**WHAT TO PRODUCE**
Copy out exactly, and only, the lines from the one containing "Spike verktøysettet kombinerer" through the end of the entries. No pictures.

::: PROVIDED INFORMATION :::

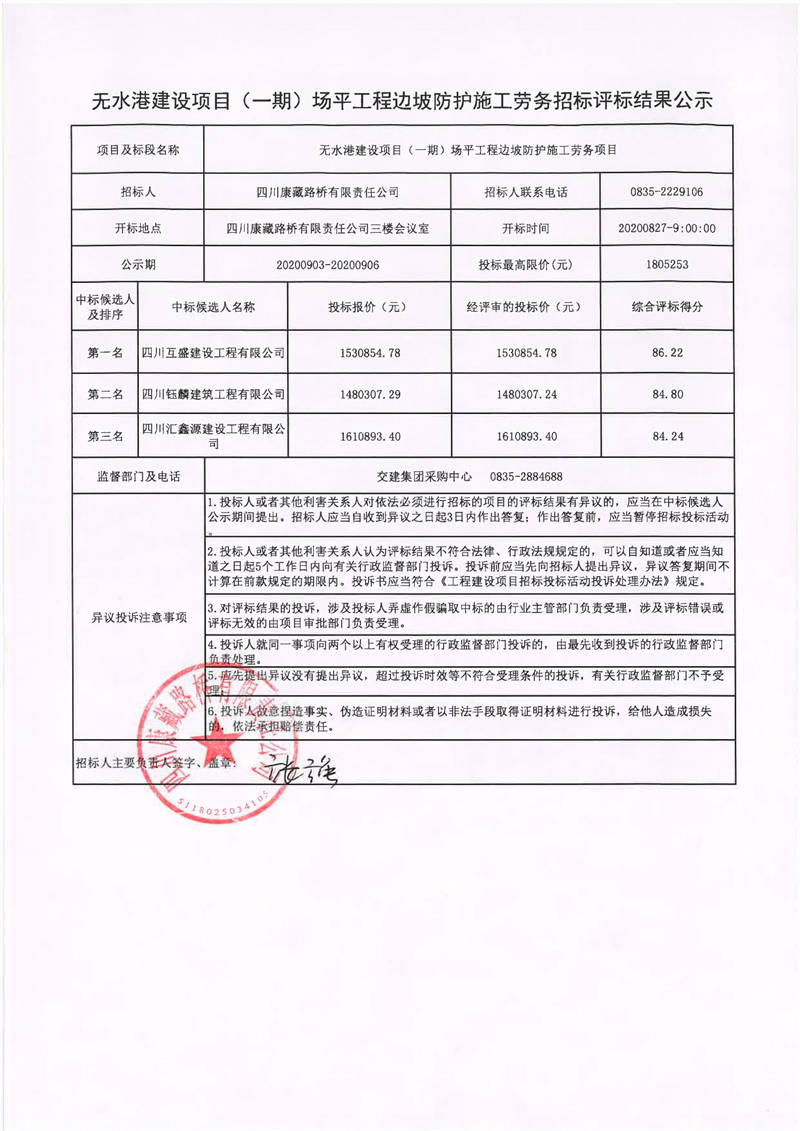 四川康藏路橋有限責(zé)任公司無水港建設(shè)項(xiàng)目(一期)場平工程邊坡防護(hù)施工勞務(wù)招標(biāo)評標(biāo)結(jié)果公示
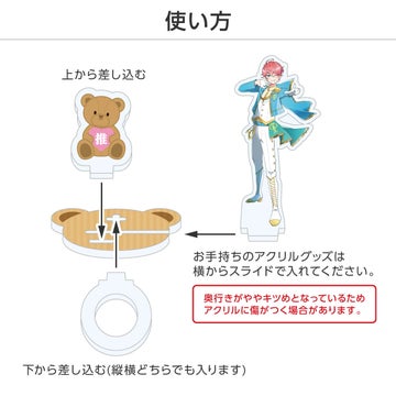 厚さ3mmのアクリルグッズに対応しており、アクリルスタンドやアクリルキーホルダーをリングにセットすることができます。
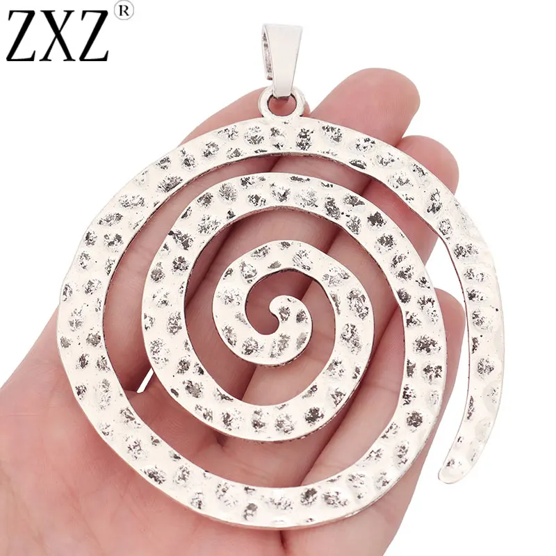 ZXZ 2 шт. тибетский серебряный Большой молотковый вихревой спиральный Шарм Подвески для ожерелья ювелирные изделия Аксессуары для изготовления 98x80 мм
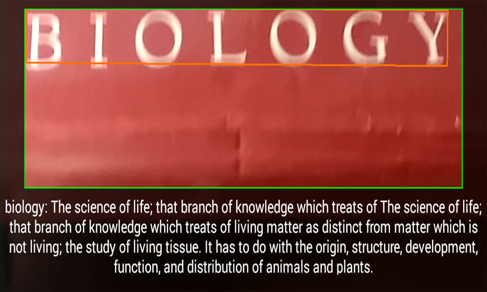 Defining is a groundbreaking application that uses image processing to instantly define any word you hold up to the camera!
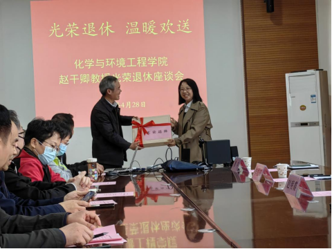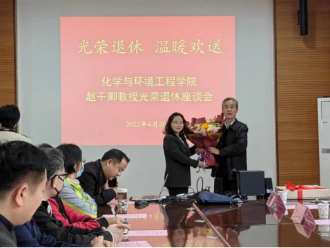 4月28日下午,beat365唯一官方网站在化学实验楼243会议室以“光荣退休,温暖欢送”为主题举办了一场温馨而庄重的退休欢送仪式,欢送赵干卿教授光荣退休。副校长侯延民、离退休职工工作处党委书记赵明霞、处长王鸿章、学院党政领导班子成员及教师代表20余人参加座谈会,座谈会由我院党委副书记贺国旭主持。
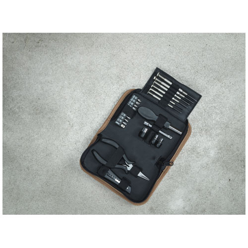 Spike verktøysettet kombinerer praktisk, holdbarhet og bærekraft i én vakker pakke. Oppbevaringsposen av kork er ikke bare visuelt tiltalende, men også miljømessig ansvarlig uten at det går på bekostning av kvalitet eller ytelse. Inne i posen finner du et sett med 24 nødvendige verktøy laget av karbonstål og RCS sertifisert resirkulert plast: 1 kniv for rene kutt og presis trimming, 6 presisjonsskrutrekkere for ømfintlige oppgaver, 10 skrutrekkerbits, 1 skrutrekkerhåndtak med komfortabelt grep, 1 forlengelsesstang for vanskelig tilgjengelige områder, 4 stikkontakter for ulike bruksområder og 1 lang nesetang for å gripe og bøye. Siden kork er et naturlig produkt, kan det være små variasjoner i elementenes farge og størrelse, noe som kan påvirke det endelige printresultatet. Pakket i en STAC gaveeske fra bærekraftige kilder.
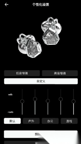 2.软件功能涵盖高音增强、重低音增强、户外模式、工作模式、游戏模式以及EQ自定义设置等选项,能够为用户打造专属的个性化听觉体验。
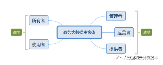 政務(wù)大數(shù)據(jù)的主客體,在類型上可以分為管理者、運(yùn)營(yíng)者、提供者、所有者和使用者。其中,管理者、運(yùn)營(yíng)者和提供者是廣義的服務(wù)提供者,是主體;所有者和使用者是廣義的服務(wù)使用者(被服務(wù)對(duì)象),是客體。主體和客體都是政務(wù)大數(shù)據(jù)服務(wù)的參與者,它們之間是服務(wù)與被服務(wù)的關(guān)系。在實(shí)際環(huán)境下,同一個(gè)主體或客體,往往具有管理者、運(yùn)營(yíng)者、提供者、所有者和使用者中兩個(gè)或兩個(gè)以上的多重角色。在本文中,重點(diǎn)從政務(wù)大數(shù)據(jù)服務(wù)的參與者來(lái)分析其主客體及相互關(guān)系。

:::

**REPLY**
 Spike verktøysettet kombinerer praktisk, holdbarhet og bærekraft i én vakker pakke. Oppbevaringsposen av kork er ikke bare visuelt tiltalende, men også miljømessig ansvarlig uten at det går på bekostning av kvalitet eller ytelse. Inne i posen finner du et sett med 24 nødvendige verktøy laget av karbonstål og RCS sertifisert resirkulert plast: 1 kniv for rene kutt og presis trimming, 6 presisjonsskrutrekkere for ømfintlige oppgaver, 10 skrutrekkerbits, 1 skrutrekkerhåndtak med komfortabelt grep, 1 forlengelsesstang for vanskelig tilgjengelige områder, 4 stikkontakter for ulike bruksområder og 1 lang nesetang for å gripe og bøye. Siden kork er et naturlig produkt, kan det være små variasjoner i elementenes farge og størrelse, noe som kan påvirke det endelige printresultatet. Pakket i en STAC gaveeske fra bærekraftige kilder.
 2.软件功能涵盖高音增强、重低音增强、户外模式、工作模式、游戏模式以及EQ自定义设置等选项,能够为用户打造专属的个性化听觉体验。
 政務(wù)大數(shù)據(jù)的主客體,在類型上可以分為管理者、運(yùn)營(yíng)者、提供者、所有者和使用者。其中,管理者、運(yùn)營(yíng)者和提供者是廣義的服務(wù)提供者,是主體;所有者和使用者是廣義的服務(wù)使用者(被服務(wù)對(duì)象),是客體。主體和客體都是政務(wù)大數(shù)據(jù)服務(wù)的參與者,它們之間是服務(wù)與被服務(wù)的關(guān)系。在實(shí)際環(huán)境下,同一個(gè)主體或客體,往往具有管理者、運(yùn)營(yíng)者、提供者、所有者和使用者中兩個(gè)或兩個(gè)以上的多重角色。在本文中,重點(diǎn)從政務(wù)大數(shù)據(jù)服務(wù)的參與者來(lái)分析其主客體及相互關(guān)系。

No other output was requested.